If you’re reading this while going through treatment — or loving someone who is — you might know the feeling; it’s 3:00 a.m., and sleep won’t come. Your body aches, your brain won’t stop, and everything feels upside down. Maybe you’ve just been diagnosed. Maybe you’re somewhere in the middle, numb from the repetition. Maybe you’re scared in a way that’s hard to explain to anyone who hasn’t felt it.
That was me. I was diagnosed with diffuse large B-cell lymphoma (DLBCL), an aggressive B-cell lymphoma, during the height of the COVID-19 pandemic. In the middle of a locked-down world, I suddenly had a new and very personal crisis to manage. It was quiet. Isolating. And terrifying.
To keep my head above water, I turned to music — something I’ve always loved but never fully committed to. I’d had this oddball idea years earlier: an album where each song is written from the perspective of a different 1980s movie character, filled with Easter eggs and direct quotes for the listener to guess who it is. It was meant to be a fun gimmick. I never thought I’d actually make it.
But cancer — and quarantine — gave me the time, the urgency, and strangely, the permission to try.
So I wrote. I recorded. I mixed and layered and looped tracks in my basement between infusions and appointments. I did it when I couldn’t sleep. I did it when the steroids kicked in.
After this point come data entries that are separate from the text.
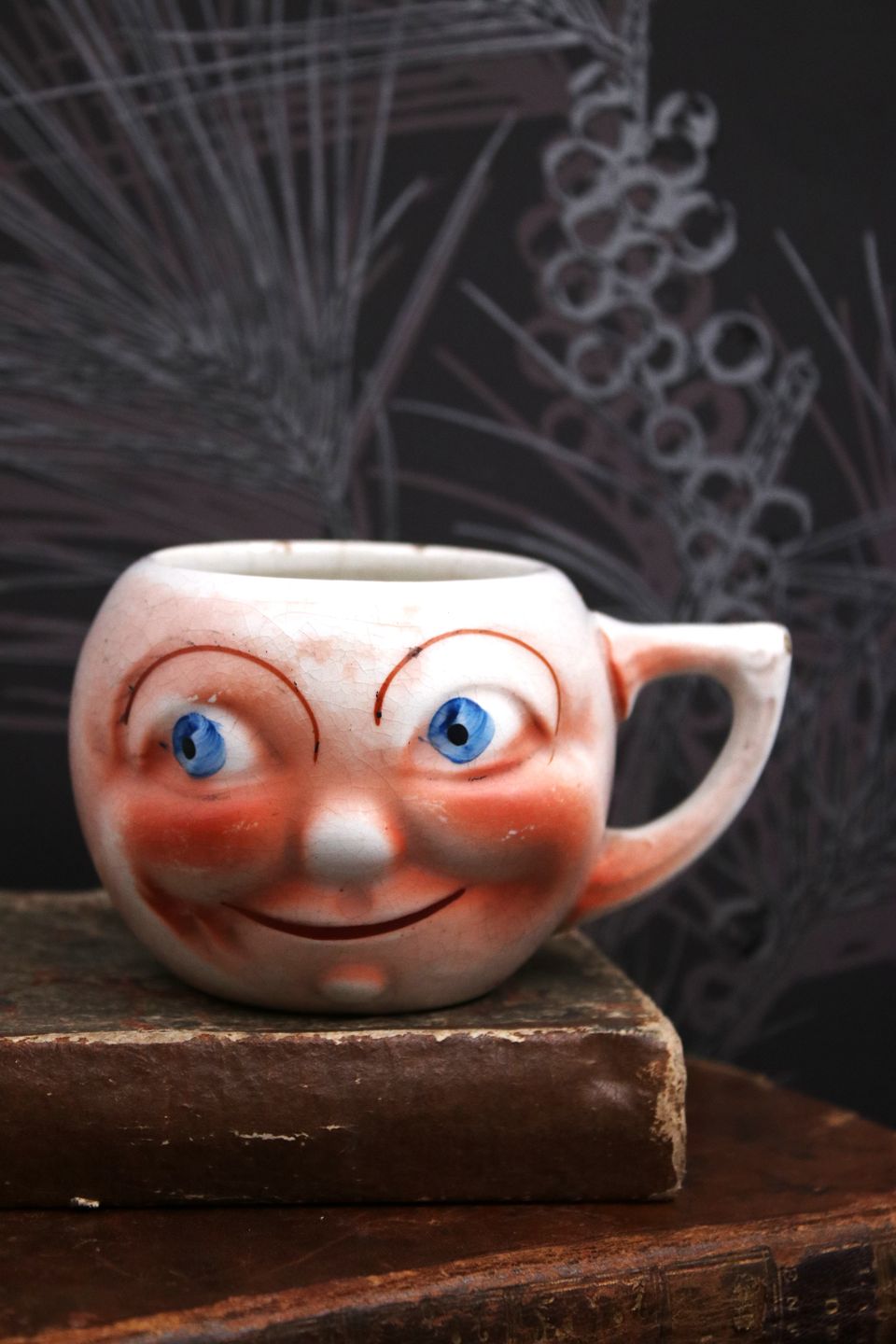 Gamle fajance kopper med hank og sjove ansigter fra omkring år 1930.Måler: H: 6,5cm. Dia.: 8,5-9cm.
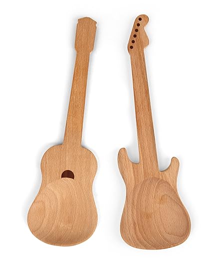 [Product Information]- Acoustic and electric guitar shaped wooden spoons
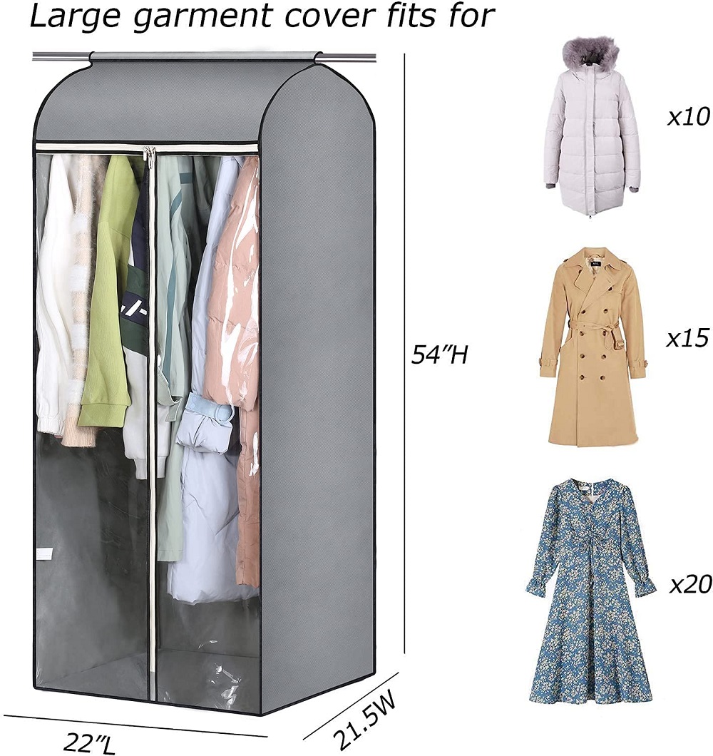 【2 Packs Large Capacity】Garment covers can store 20pcs summer long dresses or 10pcs winter coats, ideal length for down jackets, sweater, silk blouses, seasonal clothing, shirts, suits, dress bags make your closet more organized, overall size is 22"L * 21"W * 54"H;
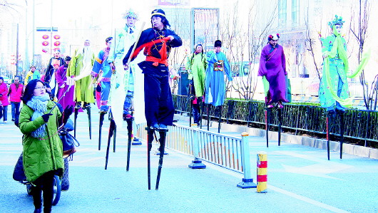 喜庆的锣鼓敲起来,欢快的秧歌舞起来,热闹的高跷踩起来……9日上午,在济南历山路上,来自东舍坊高跷艺术团的40多名演员踩着高跷、舞着大秧歌、敲着欢乐的锣鼓进行踩街表演,用传统形式为市民拜大年,与大家一起闹元宵。
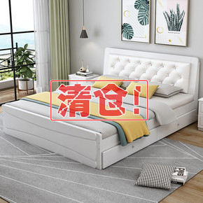 实木床 现代简约双人床1.8米主卧1.5m高箱储物...

I did it when I felt too sick to think, because focusing on something creative was the only thing that made me feel human.
The Senary became my lifeline. I watched all my favorite 80s movies again and wrote every lyric myself. I played every single note on every instrument you hear. I sang it, tracked it, and engineered it entirely alone in my basement studio while my immune system was wrecked and Blood Cancer United was sending alerts saying one in three cancer patients were dying from COVID. I couldn’t have visitors. I couldn’t hold hands with my wife, my kids, my mom, or my dad during treatment. I was on my own.
So I made something that kept me company.
The album is one continuous hour of music, touching nearly every genre, filled with warmth, chaos, and character. It has flaws — my fingers literally couldn’t press the guitar strings correctly on some days, but I kept going. I fought to make something beautiful out of something ugly. And somehow, it worked.
The strange part is . . . I miss it. I miss the clarity. I miss the way cancer forced me to speak intentionally with my loved ones, to be fully present, to see the world in slow motion. I don’t want the illness back, but I do wish we could all remember more often how beautiful this ride is, how much there is to see, to hear, to love. Please don’t take your tribe for granted.
I’ve now been in remission for nearly four years. And I can say with all my heart, the fight is worth it. Every step. Every appointment. Every conversation that cracked me open. If you’re in it now, keep going. If you can, make something. Say something. Write it down. Sing it out. Be loud, or soft, or messy, but stay present.
And if you need a distraction — something to carry you out of your body and into a stranger’s musical brain for an hour — The Senary is out there waiting. I made it for myself, but I’d be honored if it helped you, too.
Put on headphones. Go somewhere weird. Think of something other than your troubles for a while. You’ve earned that kind of escape.